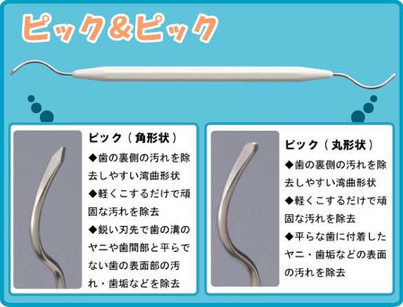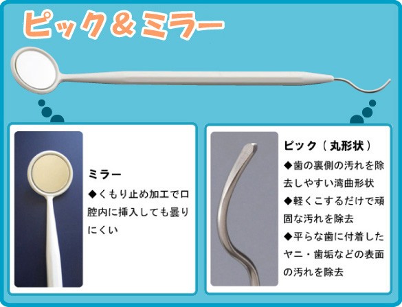 [サイズ]ピック&ミラー(約)1.5×17×2cmピック&ピック(約)1.5×16×0.7cm[重量]ピック&ミラー(約)8gピック&ピック(約)5g[材質]ピック&ミラー 柄:ABS樹脂 ピック:ステンレス(SUS304) ミラー:PET(くもり止め加工 【フィルム:トリアセテート】)保護チューブ:シリコンゴム ピック&ピック 柄:ABS樹脂 ピック:ステンレス(SUS304) 保護チューブ:シリコンゴム[生産国]日本[JAN]ピック&ミラー4947651102003 ピック&ピック4947651101006[備考]■商標登録番号:3203188■耐熱温度:(ピック部分のみ)80℃
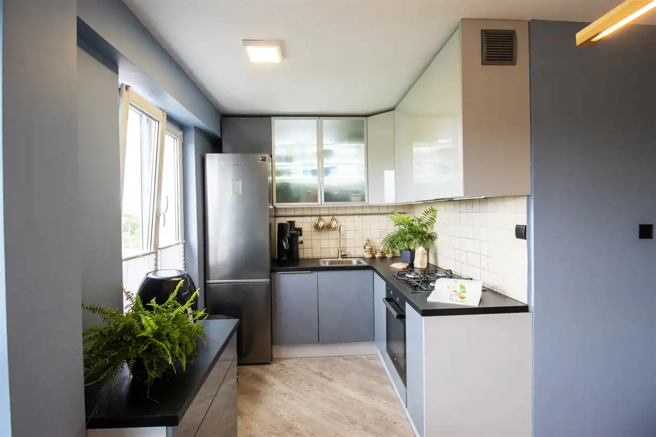 Kuchnia: meble kuchenne, kuchenka gazowa, piekarnik, okap, lodówka, zmywarka.
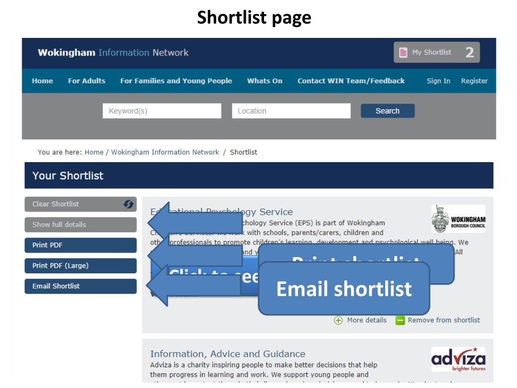 Navigating the Header The Wokingham Information Network Team welcome any feedback or questions about the directory. Clicking on the link takes you to an online form which is sent directly to the WIN Team The new ‘What’s On’ guide Search for events happening in and around the borough A shortlist of useful listings can be created whilst searching the directory. • A drop down menu of categories appears when the mouse cursor hovers over the link for the: • For Families and Young People • For Adults
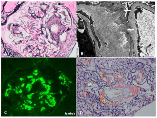 - Sethi, S.; Rajkumar, S.V.; D’Agati, V.D. The Complexity and Heterogeneity of Monoclonal Immunoglobulin–Associated Renal Diseases. J. Am. Soc. Nephrol. 2018, 29, 1810–1823. [Google Scholar] [CrossRef]
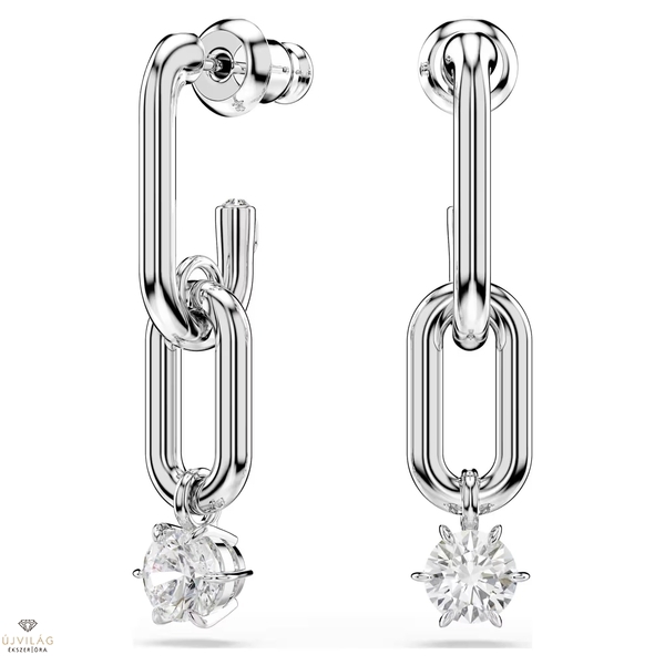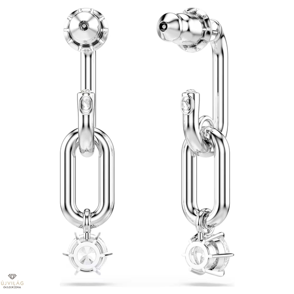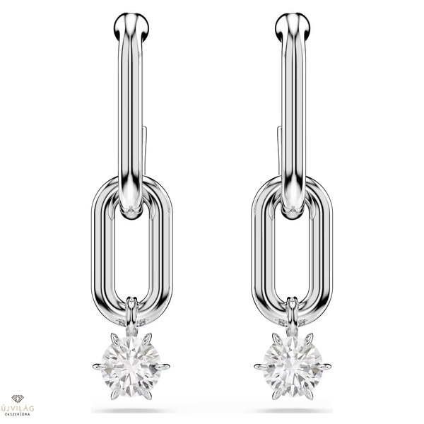 E játékos fülbevaló tökéletes választást jelent a váratlan stíluskombinációkhoz. Mindegyik darab két összekapcsolódó, ródiumbevonatú láncszemből áll, amelyek alól kecsesen lóg egy prong foglalatú Swarovski Zirconia kristály. Ez a letisztult, fémes megjelenésű ékszer minden alkalomra tökéletes, és extra Swarovski-ragyogást kölcsönöz viselőjének. Méretek: 3.2 x 0.7 cm
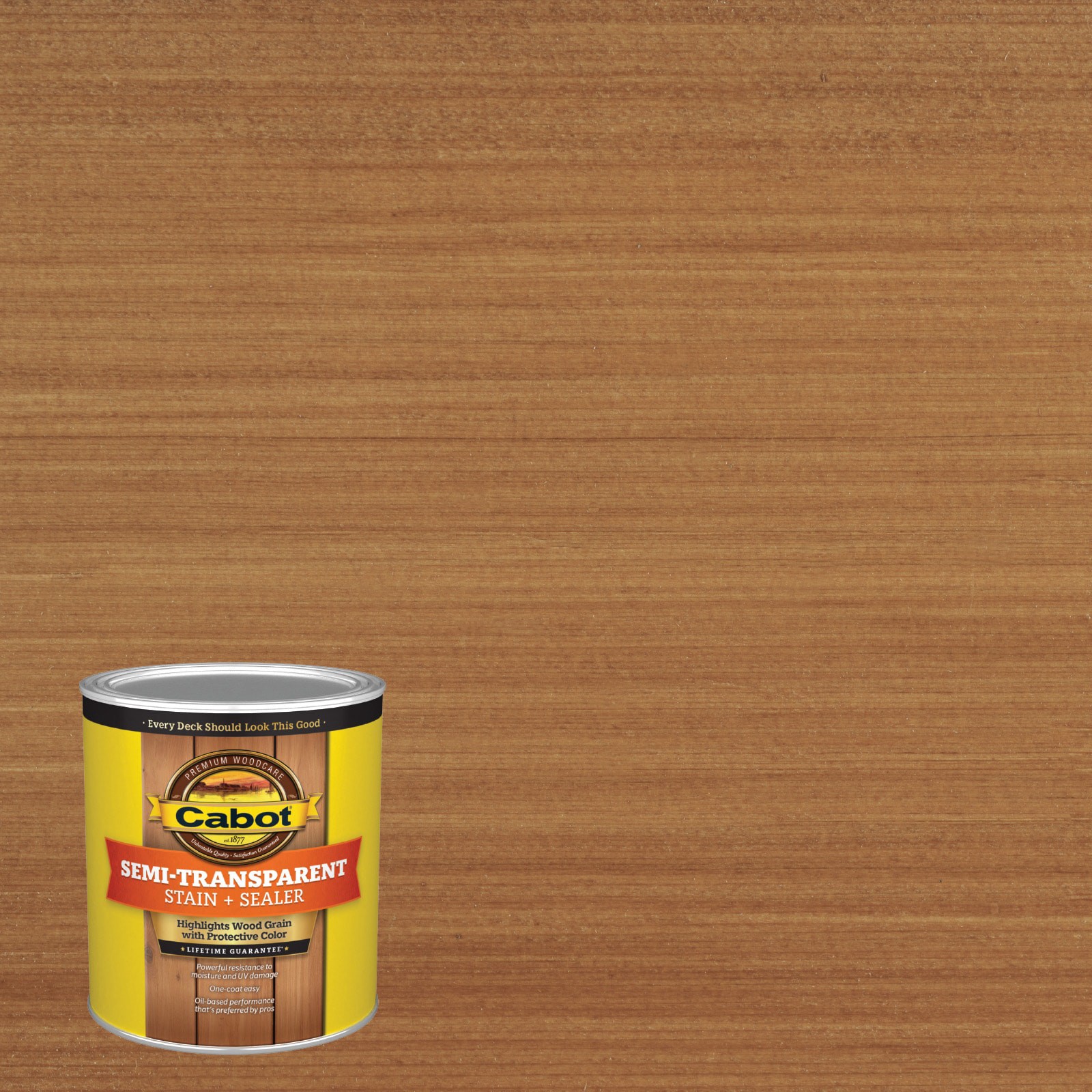 Oil-based stain that is lightly pigmented to accentuate wood grain. Scuff-resistant, fade-resistant color. Water repellent, UV protection. Provides a mildew-resistant finish. One coat application.
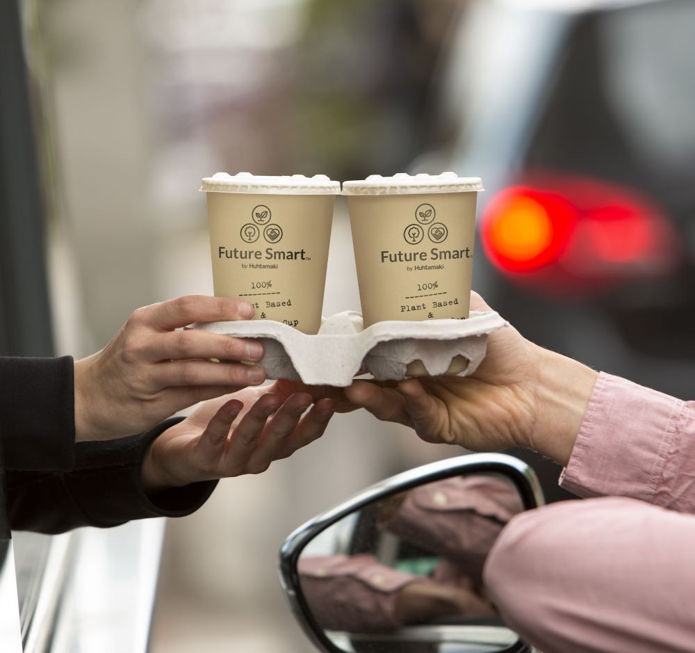 Dieser Automatenbecher besteht aus 100% nachwachsenden Rohstoffen - so genießt man seinen Kaffee gleich noch mehr.
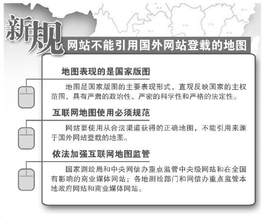 兩部門要求,各互聯網服務單位要嚴格按照《測繪法》、《地圖管理條例》等法律法規進行地圖審核和登載使用。地圖在登載前應依法送審,不得在地圖上標注涉密信息或者違反我國民族政策及政治主張的內容。
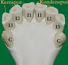- Pulp mark/Dental star: After some wear has occurred on the teeth, the central pulp cavity is exposed, and the tooth is marked by a "dental star" or "pulp mark" that is smaller than the incisor cups. These begin as a dark line in front of the dental cup, which grows in size and becomes more oval in shape as the cups are worn away. Dental stars are usually first visible at age 6, on the animal's lower central incisors, and very visible by age 8. They appear on the lower intermediates by age 9, and on the other incisors between the ages of 10–12 years.

• **What you are asked to do**: Everything from the line containing "- Sethi, S.;" through the last line of the entries must be repeated verbatim, except pictures.

• **Response**:
 - Sethi, S.; Rajkumar, S.V.; D’Agati, V.D. The Complexity and Heterogeneity of Monoclonal Immunoglobulin–Associated Renal Diseases. J. Am. Soc. Nephrol. 2018, 29, 1810–1823. [Google Scholar] [CrossRef]
 E játékos fülbevaló tökéletes választást jelent a váratlan stíluskombinációkhoz. Mindegyik darab két összekapcsolódó, ródiumbevonatú láncszemből áll, amelyek alól kecsesen lóg egy prong foglalatú Swarovski Zirconia kristály. Ez a letisztult, fémes megjelenésű ékszer minden alkalomra tökéletes, és extra Swarovski-ragyogást kölcsönöz viselőjének. Méretek: 3.2 x 0.7 cm
 Oil-based stain that is lightly pigmented to accentuate wood grain. Scuff-resistant, fade-resistant color. Water repellent, UV protection. Provides a mildew-resistant finish. One coat application.
 Dieser Automatenbecher besteht aus 100% nachwachsenden Rohstoffen - so genießt man seinen Kaffee gleich noch mehr.
 兩部門要求,各互聯網服務單位要嚴格按照《測繪法》、《地圖管理條例》等法律法規進行地圖審核和登載使用。地圖在登載前應依法送審,不得在地圖上標注涉密信息或者違反我國民族政策及政治主張的內容。
- Pulp mark/Dental star: After some wear has occurred on the teeth, the central pulp cavity is exposed, and the tooth is marked by a "dental star" or "pulp mark" that is smaller than the incisor cups. These begin as a dark line in front of the dental cup, which grows in size and becomes more oval in shape as the cups are worn away. Dental stars are usually first visible at age 6, on the animal's lower central incisors, and very visible by age 8. They appear on the lower intermediates by age 9, and on the other incisors between the ages of 10–12 years.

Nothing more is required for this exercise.